For parents, “playtime” is time you agree to spend suffering so your child can have fun. Add cake pops into the mix and suddenly playtime resembles Hell.
Humor Parenting

How Playtime and Cake Pops Spawn Sugar Demons

For parents, “playtime” is time you agree to spend suffering so your child can have fun. Add cake pops into the mix and suddenly playtime resembles Hell.

There’s nothing good about “playtime.” Ever. It wasn’t even good for me as a kid. Recess was a time during which no learning took place, and during which a weird, pale girl in pigtails would chase me, threatening to put me in a stew pot. I shit you not. The game was called “Abby Stew.” She had a rhyme she’d chant before she started to chase me: “It was a dark and dismal day…” I don’t remember the rest of the rhyme, probably because I’d already run out of hearing range before that cannibalistic little fuck caught me and pantomimed my destruction while she narrated it in verse.

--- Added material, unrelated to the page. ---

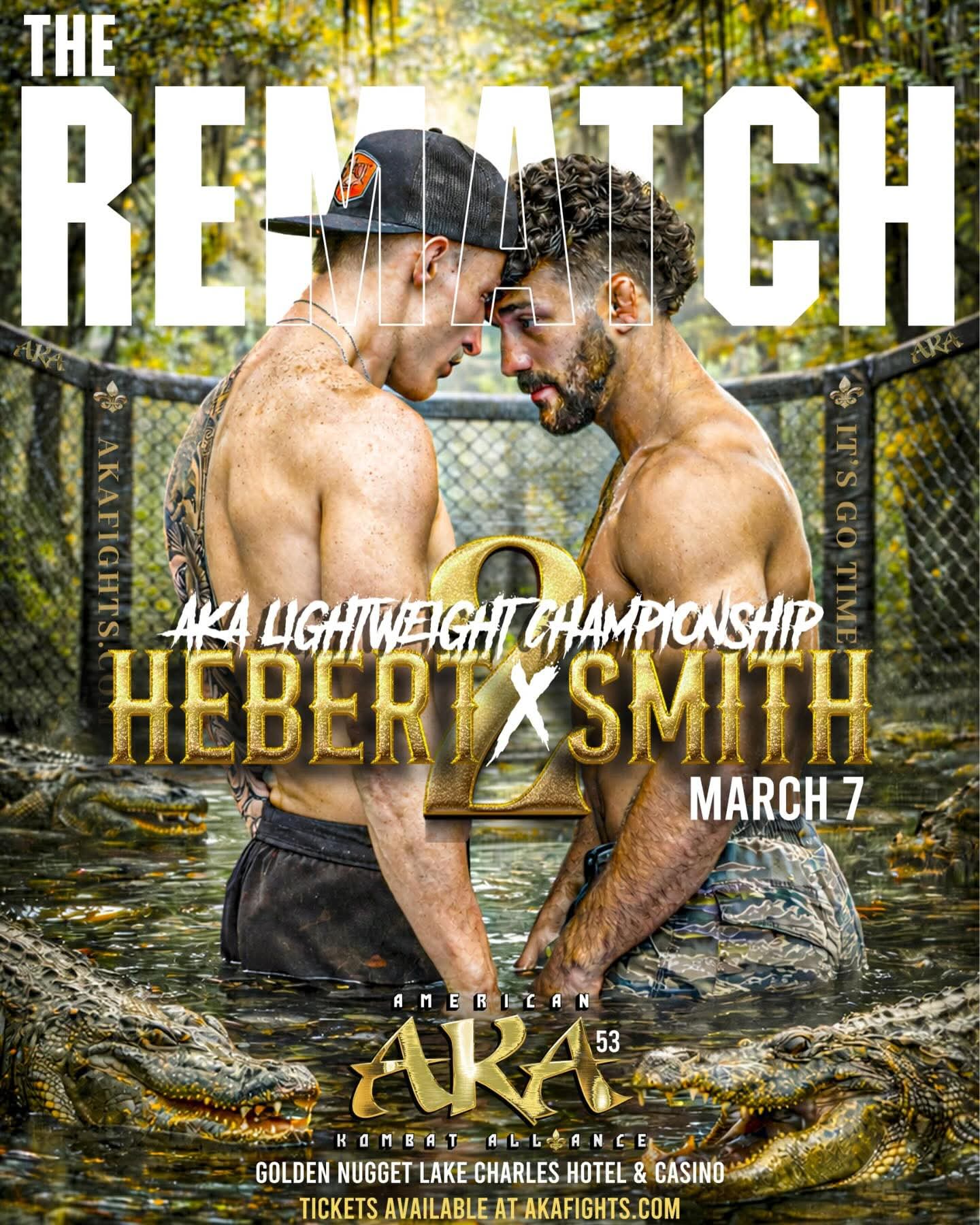 Lake Charles in Louisiana — AKA 53 Countdown – Hebert vs. Smith 2 it’s not just another fight night. It’s a story of competition, redemption and dreams of championship. Two warriors. Two gymnasiums. Two cities. One gold stripe.

“Playtime” as an adult is not any better. Even the suggestion of something sexual falls flat with me. Playtime? We don’t have time to “play.” We have thirty minutes to knock this shit out. You don’t even have time to shower. Wash your dick off and let’s get to it.

For parents, “playtime” is time you agree to spend suffering so that your child can have fun. Today’s late afternoon playtime at the park would be made tolerable by my friend Becky, who was bringing her four-year-old daughter to play with Jack. She had also brought cake pops to share. Jack and I had just come from the Tutti Frutti frozen yogurt shop, so I suppose I should have politely turned down the cake pops, but cake pops. I mean, I’m not a fucking monster. Becky and I chatted while the kids ran about and played. The park was packed. Not only was it the first sunny day in more than a week, but it was also apparently the night the local soccer leagues were having photos taken, so every soccer family in town was there.

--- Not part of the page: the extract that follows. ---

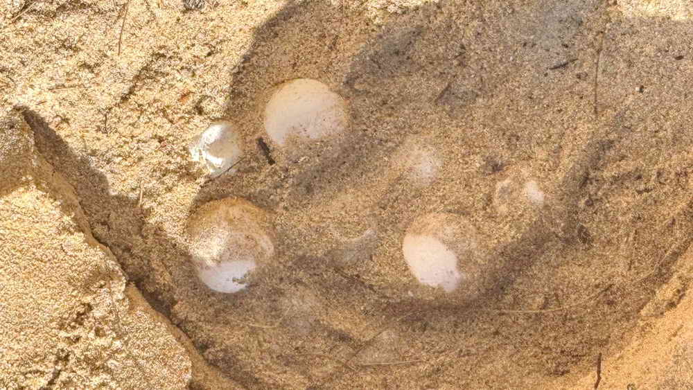รังที่ 1 ตำแหน่งการวางไข่พิกัด 417405 E 998853 N ระดับความลึกไข่ 69 เซนติเมตร ขนาดเส้นผ่าศูนย์กลางของไข่อยู่ที่ 4.05 เซนติเมตร รังที่ 2 ตำแหน่งการวางไข่ พิกัด 417394 E 998477 N ระดับความลึกของไข่อยู่ที่ 67 เซนติเมตร ขนาดเส้นผ้าศูนย์กลางของไข่อยู่ที่ 4.28 เซนติเมตร รังที่ 3 ตำแหน่งการวางไข่พิกัด 417844 E 1004672 N ระดับความลึกของไข่ 60 เซนติเมตร ขนาดเส้นผ่าศูนย์กลางของไข่อยู่ที่ 3.77 เซนติเมตร

I glanced over to see Jack standing at the top of the play structure, striking out at a boy much older than he. The boy easily held him off with an outstretched hand as I yelled out sharply and rushed over to the scene.

“He was trying to take over my tower!” Jack protested.

A brief conversation ensued in which I explained that while imagination is a commendable trait, the “tower” didn’t belong to him because it was in a public park. Also, you can’t just hit people. The aggrieved older boy looked on warily, perhaps trying to assess if he should once again attempt to breach the stronghold of an aggressive and obviously delusional three-year-old.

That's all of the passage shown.